One of the easiest ways to optimize such queries is to use an override index scan whenever possible, rather than querying all columns. Then do an associated query as needed to return all the columns. For large offsets, the efficiency gain is very large. Consider the following query:

SELECT film_id,description FROM film ORDER BY title LIMIT 50,5;
Copy the code

If the table is very large, the query should look something like this:

SELECT film_id FROM film INNER JOIN (SELECT film_id FROM film ORDER BY title LIMIT 50,5) AS TMP USING(film_id);Copy the code

The delayed association here will greatly improve the query efficiency, allowing MySQL to scan as few pages as possible, obtain the records that need to be accessed, and then query the required columns back to the original table according to the associated columns.

SELECT id FROM t LIMIT 10000, 10; SELECT id FROM t LIMIT 10000, 10; To:

SELECT id FROM t WHERE id > 10000 LIMIT 10;
Copy the code

Other optimizations include using precomputed summary tables, or associating with a redundant table that contains only primary key columns and columns that need to be sorted.

MySQL’s strategy for UNION processing is to create temporary tables first, insert the results of each query into the temporary table, and then do the query. So many optimization strategies don’t work very well in UNION queries. It is often necessary to manually “push” the words WHERE, LIMIT, ORDER BY, and so on into each subquery so that the optimizer can optimize first to take full advantage of these conditions.

Use UNION ALL unless you really need to deduplicate the server. If you do not have the ALL keyword, MySQL will add a DISTINCT option to the temporary table, which will cause the entire temporary table to have a uniqueness check, which is very expensive. Of course, even with the ALL keyword, MySQL always puts the result into a temporary table, then reads it, and returns it to the client. Although this is not necessary in many cases, for example, it is possible to return the results of each subquery directly to the client.

Conclusion Understanding how queries are executed and where time is spent, together with some knowledge of the optimization process, will help you better understand MySQL and understand the principles behind common optimization techniques. I hope the principles and examples in this paper can help you to better connect theory and practice, and more theoretical knowledge into practice.
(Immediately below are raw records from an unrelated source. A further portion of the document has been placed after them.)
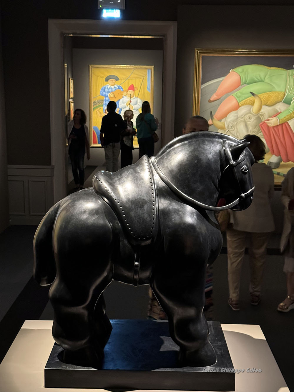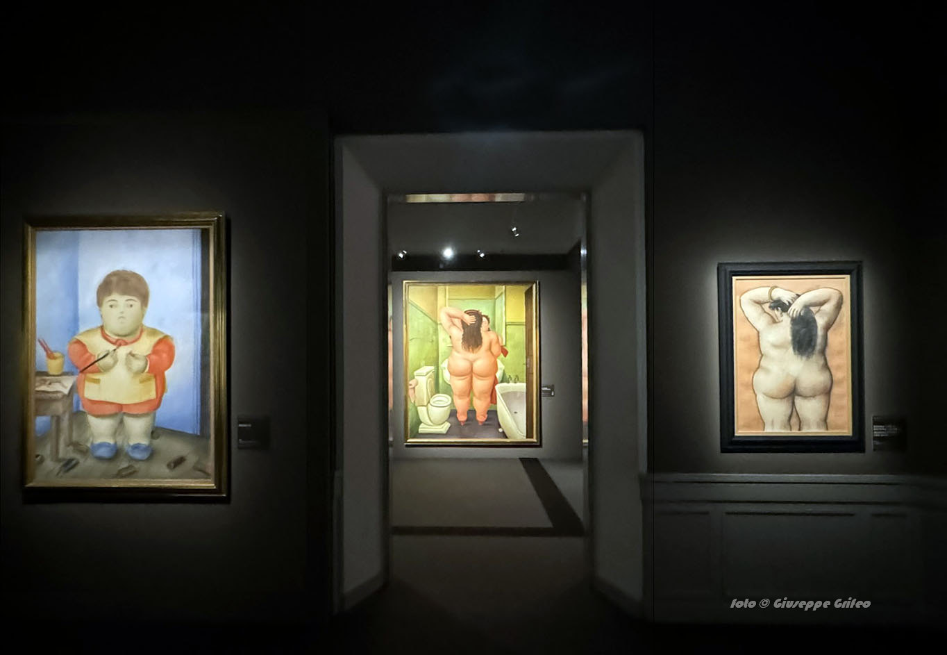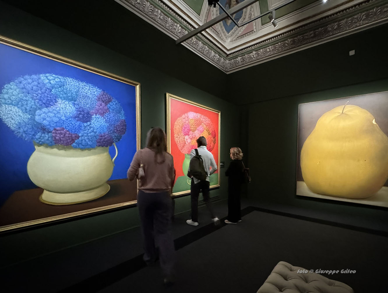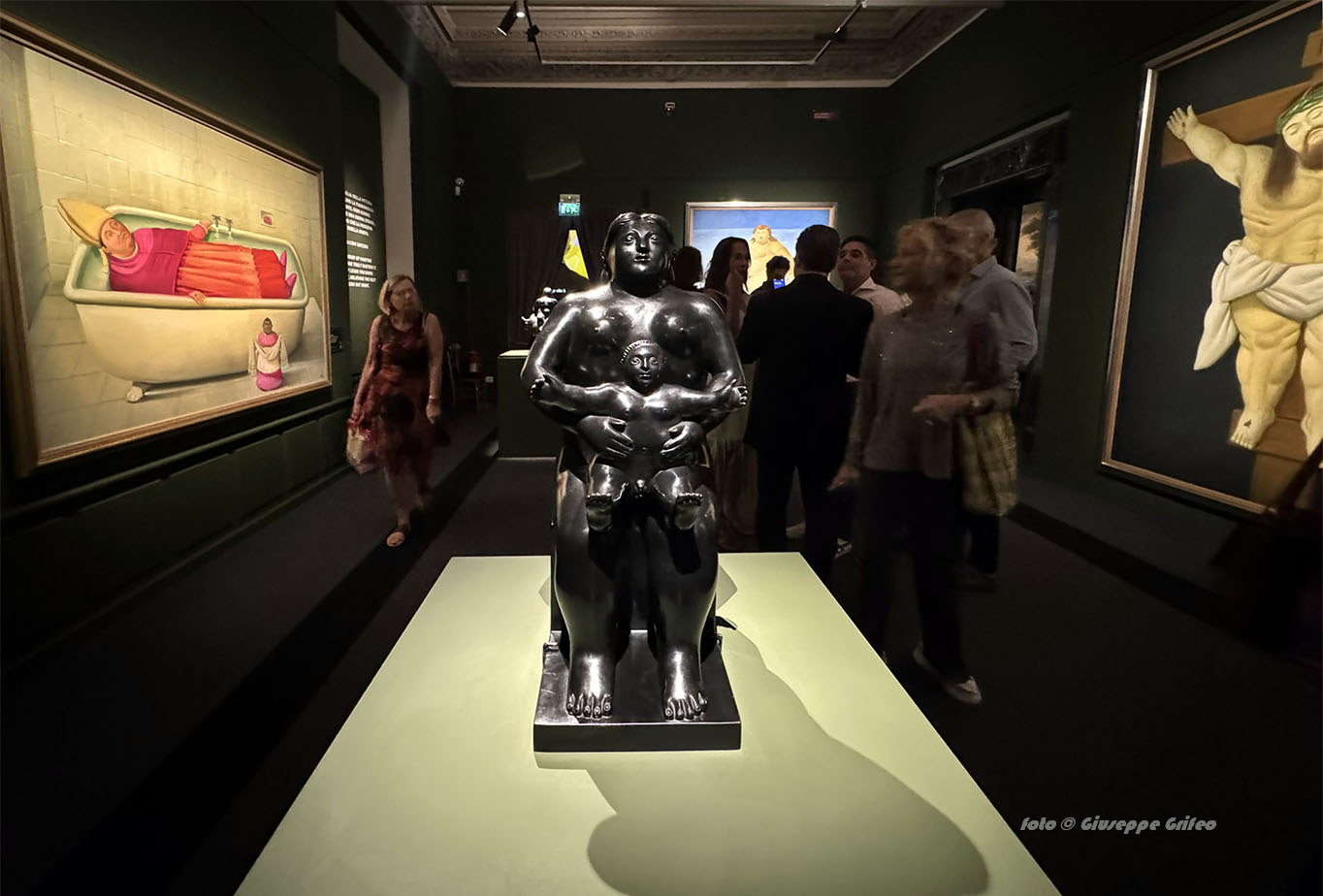 L’immersione nelle sale di Palazzo Bonaparte apre gli occhi alle sole fonti di luce e di colore sparse negli ambienti, le opere di Botero. Tutto stupisce la mente, le scelte cromatiche, la luce che vince le ombre, le forme sinuose, ricche, rotonde, opulente, l’originalità che ammalia e tocca profondamente. Non solo i corpi di donne e uomini, ma anche gli oggetti acquistano nuovi volumi quindi brocche, caffettiere, mele, pere, fiori, cesti, vasi, le gambe delle sedie, come pure gli animali, a cominciare dai gatti, dai tori e dai cavalli.
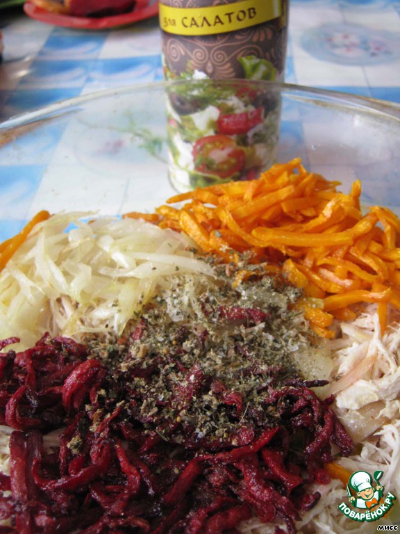 | Несколько необычный тeплый салат. Рецепт этого блюда был размещeн на сайте в 2007 году пользователем Оксана под названием "Бурятский салат" и иллюстрирован мной в рамках акции «Раскраски». |
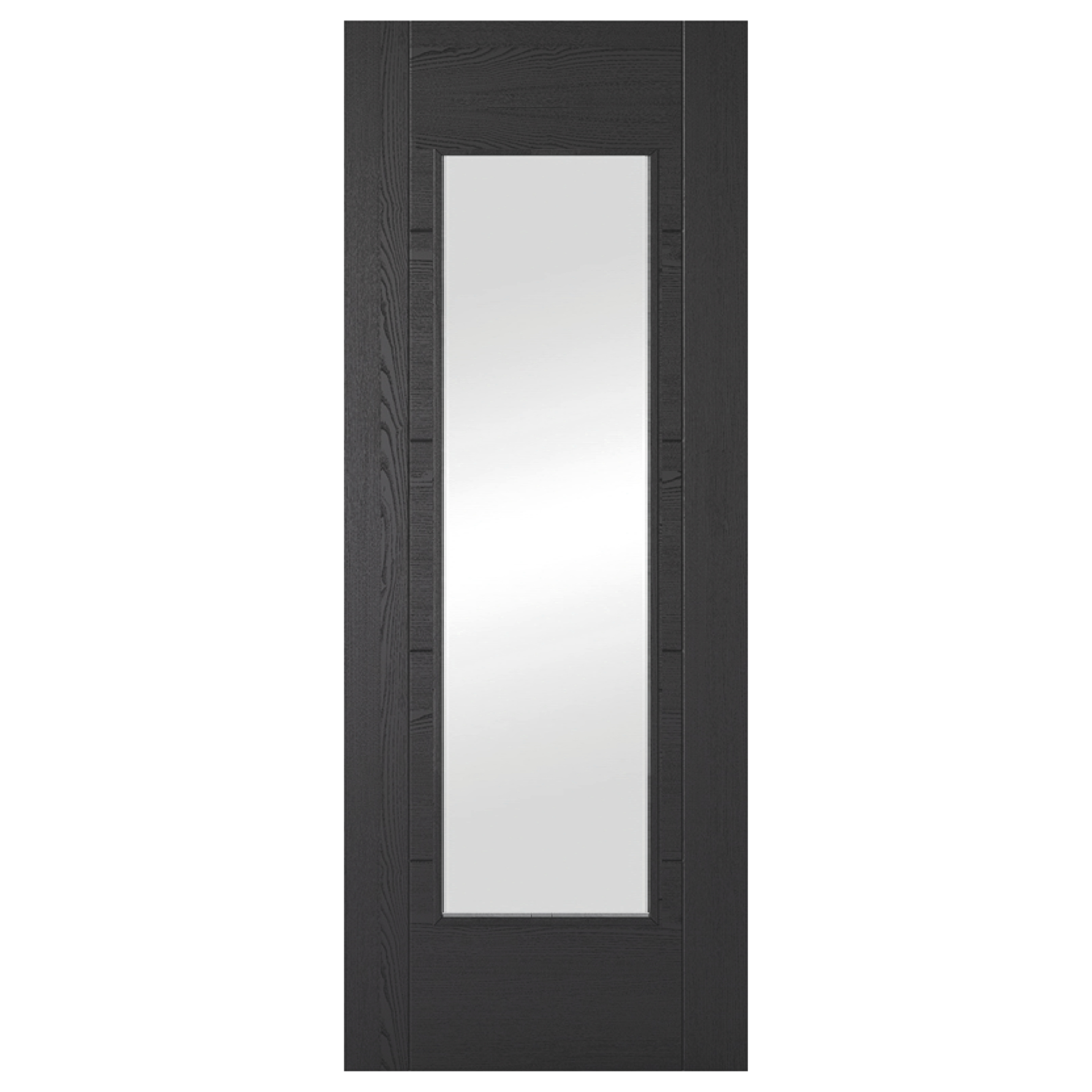 The Black Oak Iseo 1 Light Clear Glazed Internal Door combines premium materials with contemporary design, featuring a real oak veneer finished in a sleek Black RAL 9005 (10% sheen). With its clean lines and central clear glazed panel, this door is ideal for modern interiors where both style and natural light are key.
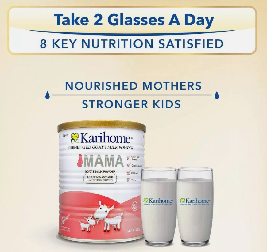 Karihome Mama Goat Milk Formula contains key nutrients required by pregnant and nursing mothers such as folate, calcium and DHA. Goat milk is gentler on the stomach and it provides complete nutrition for mothers and children.
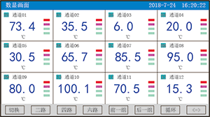 數(shù)顯畫(huà)面:顯示實(shí)時(shí)測(cè)量值,同時(shí)還可顯示通道位號(hào)、工程單位及報(bào)警狀態(tài)等信息 歷史畫(huà)面:可向前或向后查看保存在內(nèi)存中的歷史數(shù)據(jù)
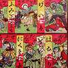 1つのマス目に1つのいろはかるたのことわざを描かれたすごろく。幕末から明治のおもちゃ絵の第一人者歌川芳藤(一鵬斉藤よし)が手がけた美麗な優品双六復刻版。通称のいろはカルタより画面が大きく、人々の表情やしぐさも生き生きと描かれているあでやかで見栄えのする逸品です。
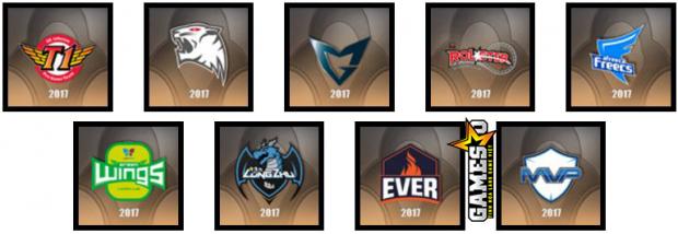 LCK Hàn Quốc: SK Telecom T1, ROX Tigers, Samsung Galaxy, KT Rolster, Afreeca Freecs, Jin Air Green Wings, Longzhu Gaming, ESC Ever, MVP.
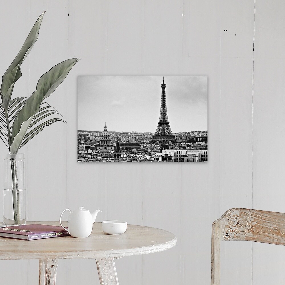 "View of city and Eiffel Tower, Paris, France." Canvas Wall Art
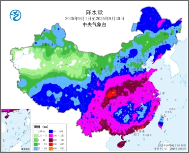 图2全国降水量及降水距平百分率图(2025年9月1日至9月30日)
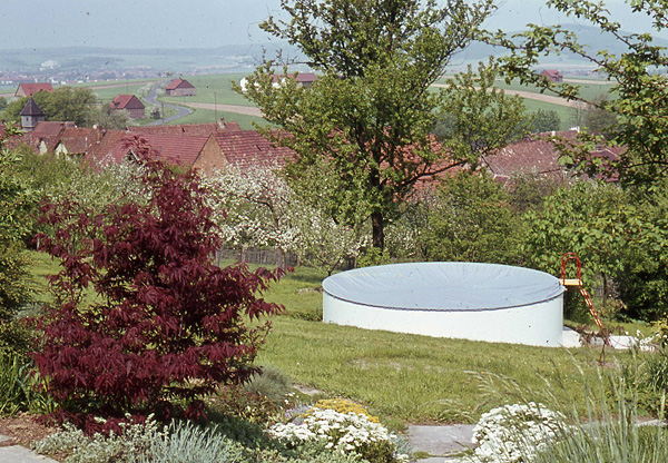 Ein Schwimmbad für Carlsdorf! Heute öfters zu finden, damals der pure Luxus: der neu errichtete Pool Anfang der 1960er Jahre. Privates Badevergnügen im großzügigen Garten. |
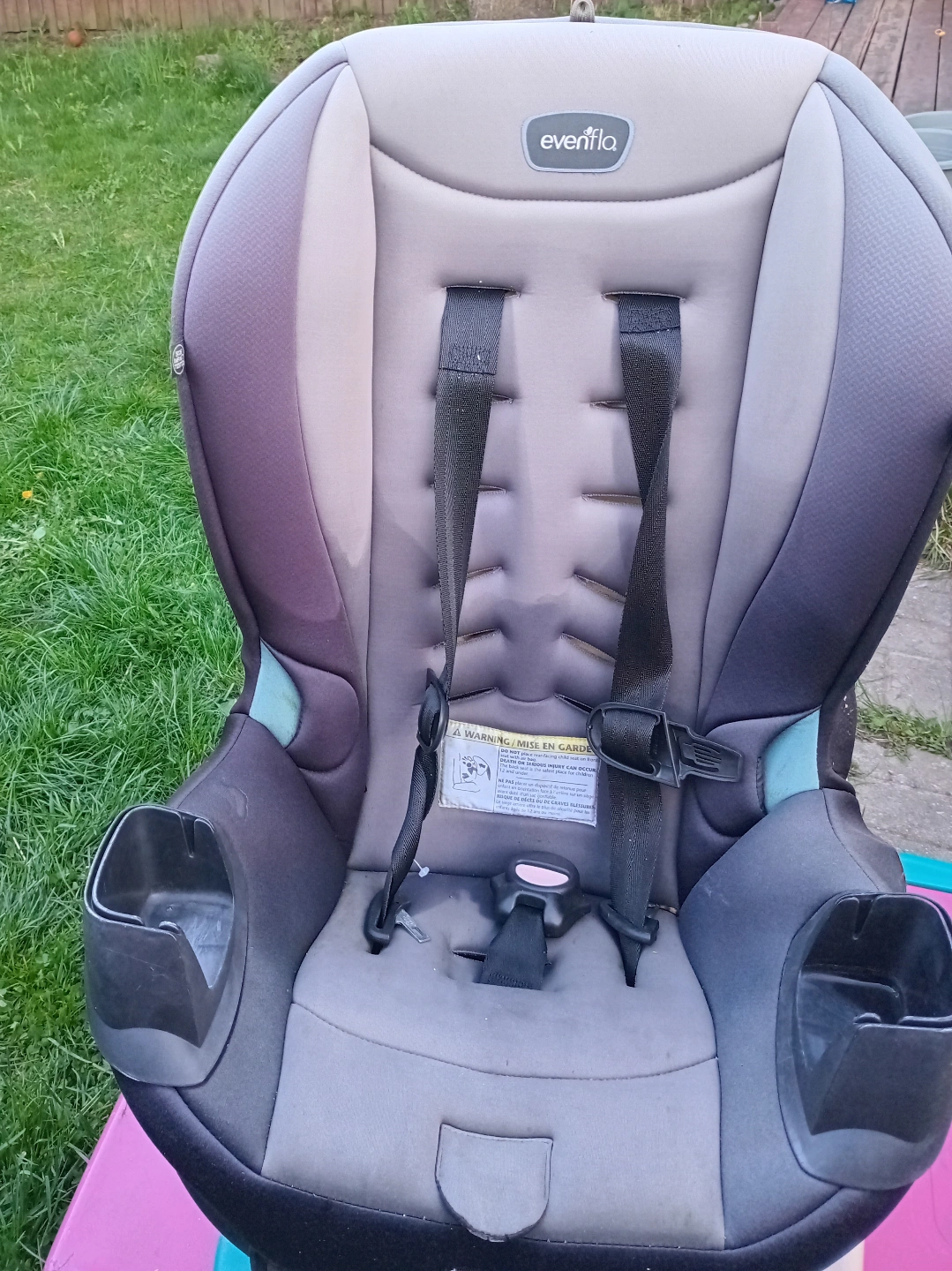 Used Evenflo car seat. Grey and black. Includes cup holders. like new ,i need to find cup holder but there is elastic bottkes can still stays there.
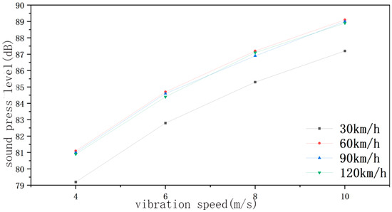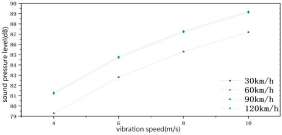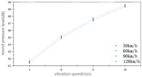 In summary, for better comparative analysis, the sound pressure level change the line graph is drawn, as shown in Figure 16. When the speed of the vehicle is the same, the maximum and minimum values of the sound pressure level will increase with the increase in the vibration intensity of the sound source, and the gradient of the change in the maximum and minimum values is also the same, both of which are 8 dB, so the change of the vibration intensity only has an impact on the size of the sound pressure level, and the degree of impact on the maximum and minimum values of the sound pressure level is basically the same. When the vibration intensity of the source is the same and the speed of the vehicle is increasing, the gradient of change in sound pressure level is also the same, with the maximum value remaining almost constant and the minimum value changing by about 1.9 dB. Therefore, it can be concluded that when the intensity of vibration is the same, the speed of the vehicle on the change in sound pressure level is only a change in size, and the effect on the minimum value is significantly greater than the effect on the maximum value.
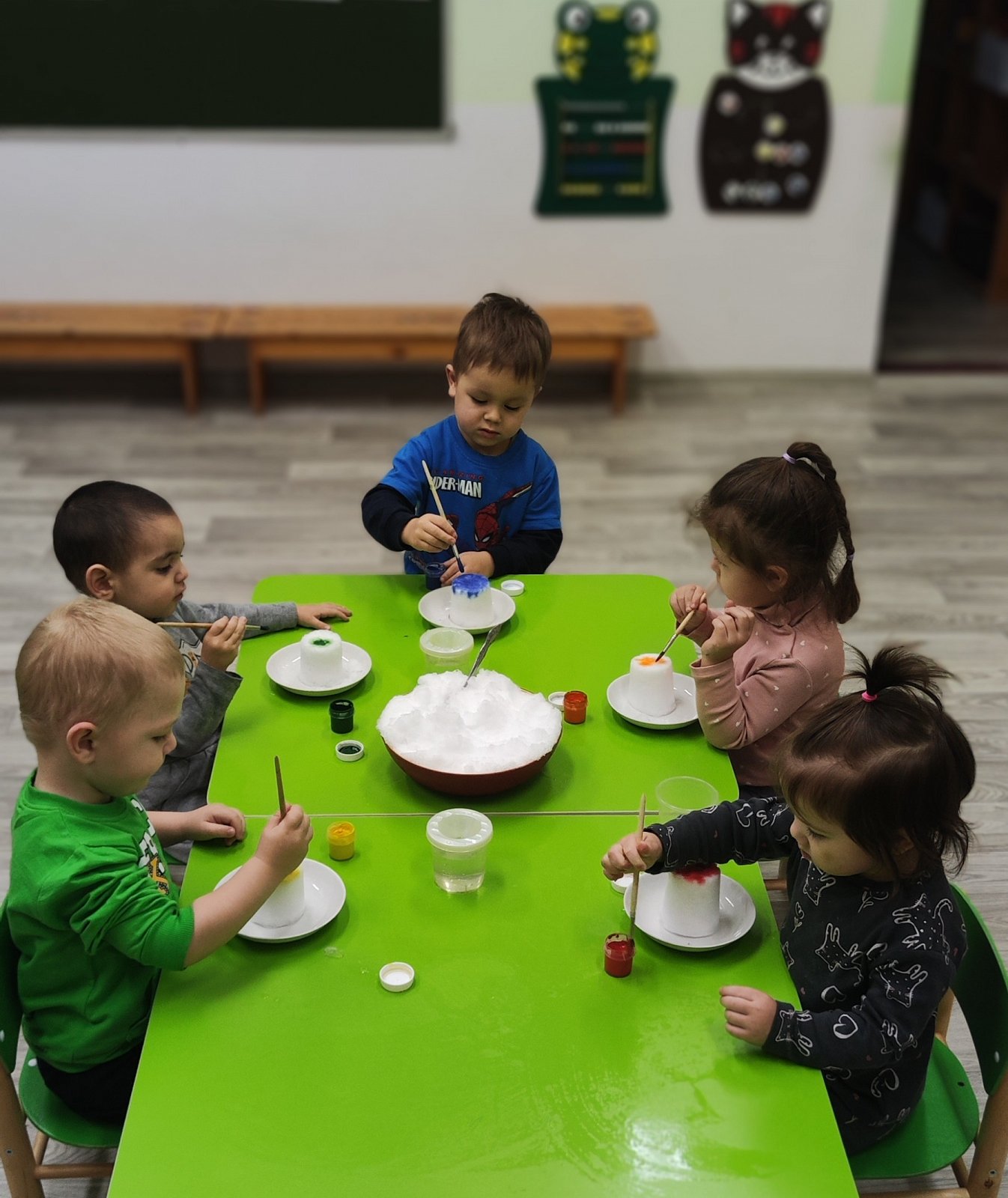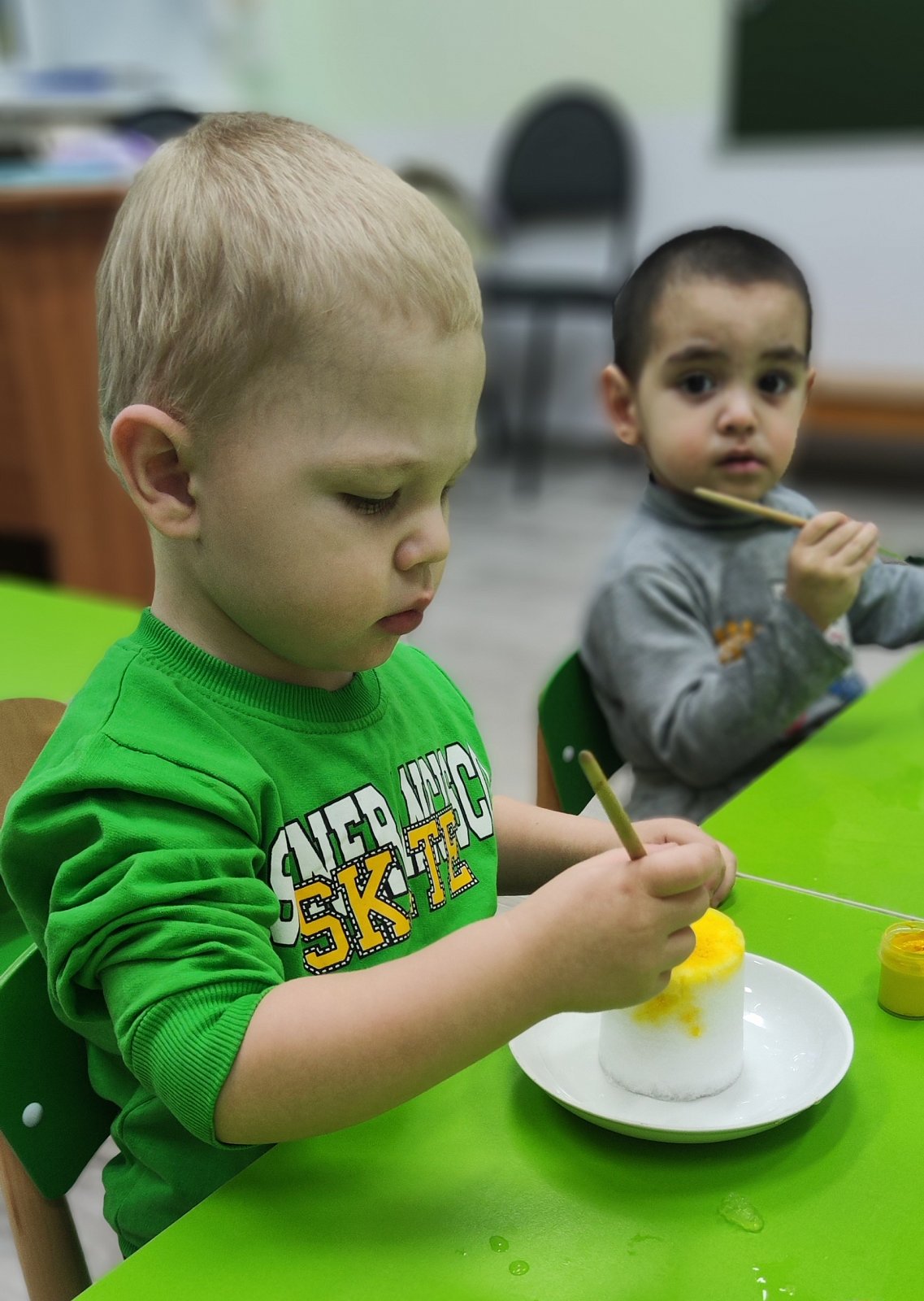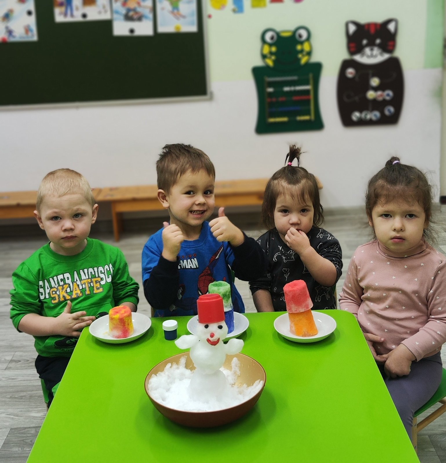 Малыши делали формы из снега и наполняли их красочной водой. Капля за каплей и снег оживал красками!
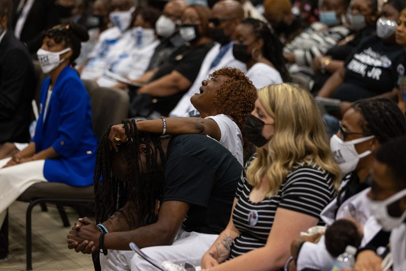 Martha McMullen (Aunt of Andrew Brown) reacts with Antron Brown (brother of Andrew Brown) as the family of Andrew Brown Jr, Reverend Al Sharpton, Civil Rights attorney Ben Crump attend the funeral of Andrew Brown Jr. at the Fountain of Life Church in Elizabeth City, North Carolina. 03 May 2021. Andrew Brown Jr. was fatally shot dead by Pasquotank County Sheriff’s deputies.

I don’t know what else to say, but I’m going to leave you with two questions to think about, and you can think about the answer in your head, and this is something that people often say, but very few people think about why?

  1. Too many programmers share the idea that stored procedures should be avoided if possible, that they are difficult to maintain and cost more to use, and that business logic should be put on the client side. Why have stored procedures when the client can do these things?
  2. JOIN itself is quite convenient, the direct query is fine, why do you need a view?